Great article today at Physorg about a study claiming CFC's are primarily responsible for any GW and not carbon dioxide, which this article seems to take for granted.

By anon255311 — On Mar 16, 2012

This is a great article. It really got the point across. It could've listed some more examples of house hold uses for CFCs. And it would've been helpful if it mentioned the cycle of how CFC's hurt the ozone by releasing chlorine molecule when subjected to sunlight.

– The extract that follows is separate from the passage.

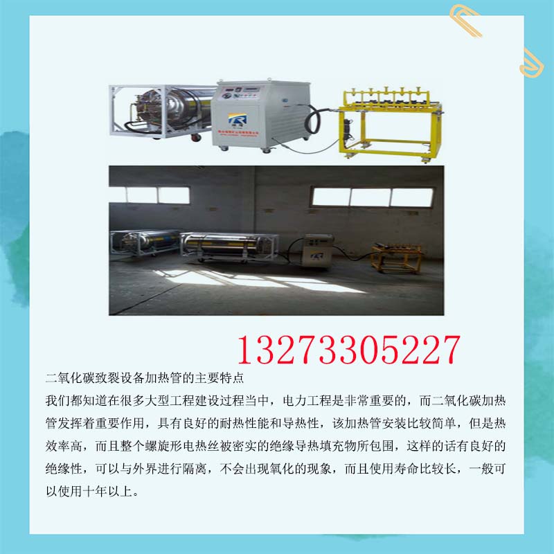 CO2致裂设备是利用液态CO2受热迅速气化,对外界进行冲击的物理致裂。 CO2致裂不会产生额外的气体粉尘等有毒有害物质,改善了工作环境。没有明火产生, 不会产生二次爆诈威胁工作人员。CO2致裂威力可控、噪音较小,在市内施工时不 会对周围环境造成较大影响。 “CO2开采器”,可以..口的CO2释放管,从而实现定向致裂的 效果。

By vogueknit17 — On Jan 29, 2011

One of the problems, looking back at CFCs and ozone, is that even then people were gathering a lot of evidence of the risk of climate change. However, even though people like Rachel Carson were pointing out the damages to the larger environment as well as to animals more directly, people refused to take notice; this sort of selective hearing has just gotten worse and worse in some segments of society.

By widget2010 — On Jan 27, 2011

These days most aerosol products are not really sources of CFCs, though they still have their own problems.

By panda2006 — On Jan 26, 2011

In addition to the problems they caused for the climate, many CFCs also had disastrous effects on the animals living in the places where they were most often used; the increase of these chemicals was the cause. However, this was at least more easily fixed after the limiting of CFC use than some other effects of CFCs, such as ozone depletion.